In order to obtain the optimal performance, the ensemble learning is used here, in this study, some classic classifiers are chosen, support vector machine (SVM),³⁸ random forest (RF),³⁹ extreme gradient boosting (XGBoost),⁴⁰ light gradient boosting machine (LightGBM),⁴¹ gaussian naïve bayes (Gaussian NB),⁴² where RF is a variant of bagging, XGBoost and LightGBM are boosting algorithm. After obtain the classification results via different models and classifiers, a soft voting strategy is used to obtain the final predicted result of circRNA-disease pair (Algorithm 1).

ALGORITHM 1. Ensemble Learning based CircRNA-Disease Association prediction (ELCDA)
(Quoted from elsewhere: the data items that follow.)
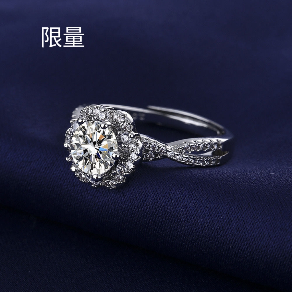 高颜值莫桑钻戒指女爱莎公主手捧花不掉色七夕情人节婚礼求婚钻戒
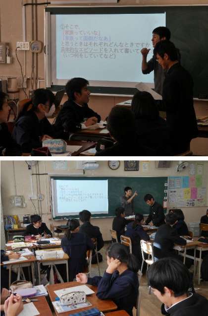 来年から中学校でも教科書が配布され教科として道徳がスタートします。プロジェクタも使ったり、いろいろな方法で生徒たちにせまります。「家族っていいな」というエピソードをだしあっていました。
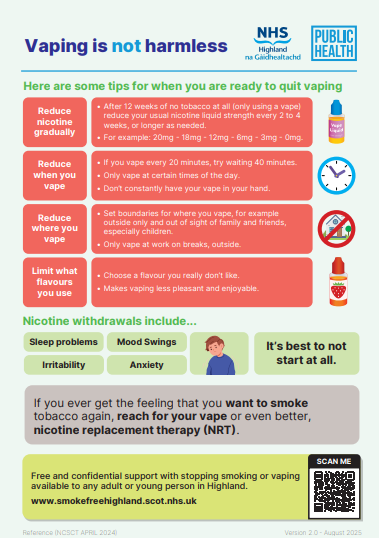 The Smoke-Free Service leaflet can be ordered free from the Highland Information Resource Service (HIRS).

Input: circRNA-disease association matrix CD; circRNA-miRNA association matrix CM;

miRNA-disease association matrix MD; circRNA and disease similarity matrices SC, SD;

the dimension of vector space l; the number of heads in metapath-based feature extractor K;

the trade-off parameter in MF-based feature exactor λ;

1. Training the metapath-based, MF-based and GraphSAGE-based feature extractors, obtaining the embeddings of nodes, denoted as F₁, F₂ and F₃, respectively, and concatenate them as the final representations of nodes, denoted as $F= concat\left({F}_1,{F}_2,{F}_3\right)$ ;

2. Using selected classifiers to obtain the predicted results;

3. Using soft voting strategy to obtain the final predicted results.
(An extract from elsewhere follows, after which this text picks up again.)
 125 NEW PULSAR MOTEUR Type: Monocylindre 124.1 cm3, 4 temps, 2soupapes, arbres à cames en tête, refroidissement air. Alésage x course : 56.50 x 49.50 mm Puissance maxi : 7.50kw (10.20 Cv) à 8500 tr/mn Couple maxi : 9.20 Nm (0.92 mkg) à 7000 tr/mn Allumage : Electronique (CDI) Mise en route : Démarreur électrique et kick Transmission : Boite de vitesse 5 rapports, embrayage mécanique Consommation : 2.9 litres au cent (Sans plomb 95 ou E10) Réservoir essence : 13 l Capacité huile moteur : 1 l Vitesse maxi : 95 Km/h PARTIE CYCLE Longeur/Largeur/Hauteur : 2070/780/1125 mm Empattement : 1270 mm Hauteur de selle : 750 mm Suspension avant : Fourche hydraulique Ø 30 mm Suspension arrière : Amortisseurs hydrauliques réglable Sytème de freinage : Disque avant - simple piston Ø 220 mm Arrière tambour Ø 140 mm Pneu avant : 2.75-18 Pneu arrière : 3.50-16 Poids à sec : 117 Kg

Output: the final predicted association probability $p\in \left(0,1\right)$ .

3 EXPERIMENTS AND RESULTS

3.1 Evaluation metrics

To evaluate the performance of our model, we compared our propose model with other state-of-the-art methods under fivefold cross-validation (5-cv). Specifically, the known circRNA-disease associations in circR2Disease v2.0 is taken as the positive samples, and we randomly select negative samples with the same number of positive samples, and a balanced data set with 5940 samples can be obtain. The indicators to evaluate the model including AUC (the area under ROC curve), AUPR (the area under precision-recall curve), Accuracy, Recall and F1-score, we treat the association prediction as a binary classification problem, then the evaluate indicators can be defined as follows:

\begin{array}{c} Accuracy=\frac{TP+ TN}{TN+ TP+ FN+ FP}, Recall=\frac{TP}{TP+ FN},\\ {} Precision=\frac{TP}{TP+ FP},F1- score=\frac{2^{\ast }{Precision}^{\ast } Recall}{Precision+ Recall}\end{array}

(23)

3.2 Parameters analysis

In this section, we analyse two main parameters of ELCDA, first, the number of heads K in MAGNN, second, the aggregator used in GraphSAGE, the results are shown in Figure 4, when K is 8 and the aggregator is mean, ELCDA obtains the best performance.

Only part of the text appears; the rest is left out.